Appearance
Etcd Architecture & Latency Metrics
How do I monitor etcd latency in a production cluster?
Monitoring etcd latency is a critical operational workflow. Because etcd serves as the highly-available key-value store and the absolute "source of truth" for all Kubernetes cluster data, any starvation in its underlying architecture will rapidly destabilize the entire control plane.
To understand why latency kills etcd, you must first understand its architecture.
Part 1: Architecture & Mechanisms
The Storage Mechanism (Key-Value Store)
When the Kubernetes API server persists an object, it serializes the data—either in JSON or the highly efficient binary Protobuf format—and writes it directly into the etcd key-value store. This serialized state holds exactly what every Pod, ConfigMap, and Secret should look like.
The Consensus Protocol (Raft)
To ensure that the stored data remains consistent across multiple nodes, etcd operates as a leader-based distributed system relying on the Raft consensus algorithm.
In this architecture, an elected leader node must continuously send periodic heartbeats to its follower nodes to validate its leadership and keep the cluster stable. Because the Raft protocol requires strict timing to achieve consensus, etcd is highly sensitive to network and disk I/O.
Leader Election Chaos
If slow disk performance (slow fsync times) causes the leader to miss its heartbeat window, it triggers a heartbeat timeout. The follower nodes assume the leader is dead and trigger a new election.

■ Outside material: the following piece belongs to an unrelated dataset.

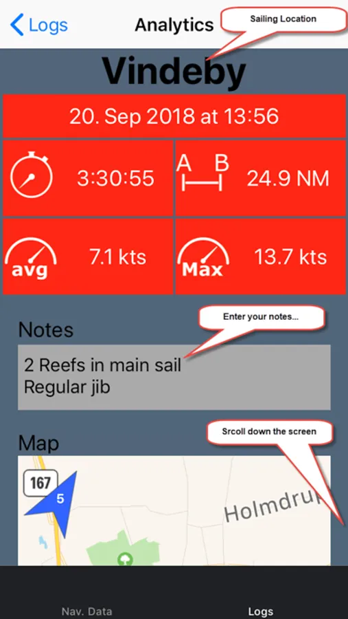 You can record your track and analyse your maneuvers like tacks and gybes. Send gpx files as email to friends, or show your track on a map.

During an election, the cluster refuses new writes, effectively causing the Kubernetes control plane to "freeze."
The Network Protocol (mTLS over TCP)
For data transmission, etcd utilizes TCP split into two distinct channels:
- Client Communication (Port 2379): The
kube-apiserver(the client) communicates withetcd. - Peer Communication (Port 2380): The individual
etcdmembers communicate with one another to replicate state and achieve consensus.
These communication channels should always be explicitly secured using mutual TLS (mTLS) backed by an x509 Public Key Infrastructure (PKI). This ensures that only clients and peers with valid, trusted certificates can participate in the protocol.

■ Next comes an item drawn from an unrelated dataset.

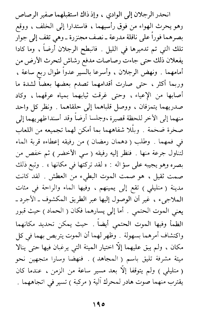 انحدر الرجلان إلى الوادي، وإذ ذاك استقبلهما صفير الرصاص وهو يحرث الهواء من فوق رأسهما، فاستدارا إلى الخلف، ووقع بصرهما فورا على ناقلة مدرعة - نصف مجنزرة - وهي تقف إلى جوار تلك التي تم تدميرها في الليل. فانبطح الرجلان أرضا، وما كادا يفعلان ذلك حتى جاءت رصاصات مدفع رشاش لتحرث الأرض من أمامهما. ونهض الرجلان، وأسرعا بالسير عدوا طوال ربع ساعة، وربما أكثر، حتى صارت أقدامهما تصدم بعضها بعضا لشدة ما أصابها من الإعياء، وحتى غرقت ثيابهما بمياه عرقهما، وكاد صدريهما يتمزقان، ووصل قلباهما إلى حلقاهما. ونظر كل واحد منهما إلى الآخر للحظة قصيرة، وجلسا أرضا وقد أسندا ظهريهما إلى صخرة ضخمة. وبللا شفاههما بما أمكن لهما تجميعه من اللعاب في فمهما. وطلب (دهمان رمضان) من رفيقه إعطاءه قربة الماء لتناول جرعة منها. فنظر إليه رفيقه (سي الأخضر) ثم خفص من بصره وهو يجيبه على سؤاله: (لقد تركتها في مكانها). وتبع ذلك صمت ثقيل، هو صمت الموت البطيء من العطش. لقد كانت مدينة (متليلي) تقع إلى يمينهم، وفيها الماء والراحة في مئات الملاجىء، غير أن الوصول إليها عبر الطريق المكشوف - الأجرد - يعني الموت الحتمي. أما إلى يسارهما فكان (الحماد) حيث قبور الظمأ وفيها الموت الحتمي أيضا. حيث يمكن تحديد مكانهما واكتشاف أمرهما بسهولة. وظهر لهما أن الموت يتربص بهما في كل مكان، ولم يبق عليهما إلا اختيار الميتة التي يرغبان فيها حتى ينالا ميتة مشرفة تليق باسم (المجاهد). فنهضا وسارا متجهين نحو (متليلي) ولم يتوقفا إلا بعد سير ساعة من الزمن، عندما كان يقترب منهما صوت هادر لمحرك آلية (مركبة) تسير في اتجاههما.

Part 2: Monitoring Latency Bottlenecks
To prevent the cluster from freezing due to disk or network starvation, you must continuously monitor etcd health and latency.
1. Monitor Request Latencies via Metrics
To preemptively spot bottlenecks before they cause a full outage, you should continuously monitor request latencies using a tool like Prometheus.

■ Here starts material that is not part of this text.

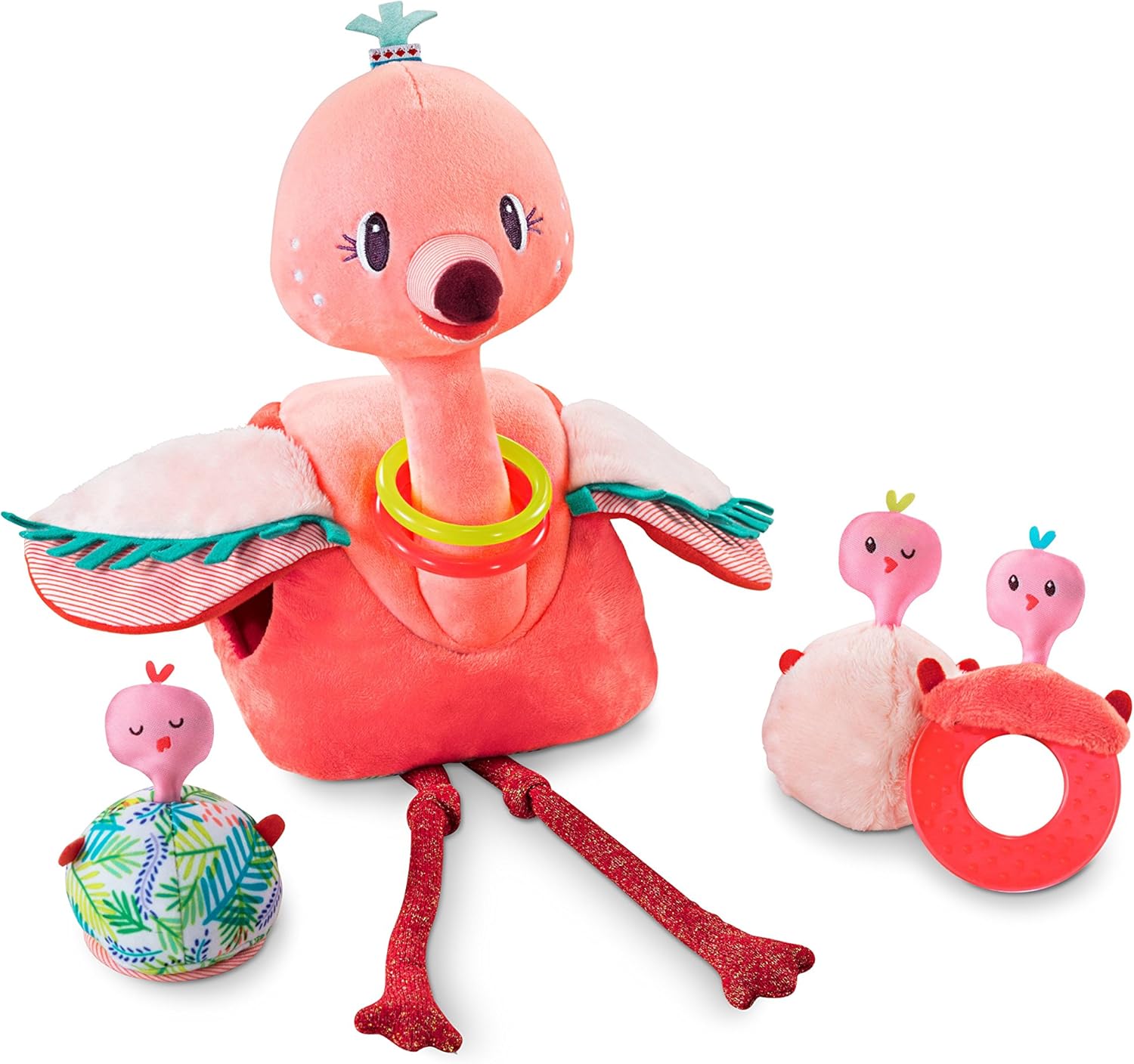 Anaïs le Flamant rose a trois bébés, tous uniques et différents. Très stimulant, ce jouet se compose d’un anneau de dentition, d’un hochet et d’un miroir. De plus ils produisent un son rigolo pour amuser et émerveiller votre bébé.

In a standard Kubernetes architecture, the kube-controller-manager explicitly exposes etcd latency metrics. By scraping these endpoints, operators can observe performance degradation (such as slow fsync write operations) and take action before the latency triggers leader election failures.
2. Track API Server Health Endpoints
Kubernetes itself is designed to continually monitor the health and responsiveness of etcd. The kube-apiserver acts as the gateway to etcd and exposes dedicated HTTP endpoints for this purpose:
/livez/etcd/readyz/etcd
If etcd experiences severe latency that renders it effectively unreachable, these endpoints will explicitly fail and return an error (such as an HTTP 500 Internal Server Error). Load balancers should be configured to poll these endpoints to remove unhealthy API servers from rotation.
3. Perform Active Network Checks (etcdctl)
For direct operational troubleshooting, operators should use the etcdctl command-line tool.
(Note: While etcdutl is used for disk-level administration like restoring snapshots, etcdctl is designed for ongoing network-based operations).
By executing the etcdctl endpoint health command against your cluster, you can perform active, real-time health checks. This command interacts directly over mTLS with the etcd members—bypassing the Kubernetes API server entirely—to verify their individual responsiveness and overall ability to participate in the Raft quorum.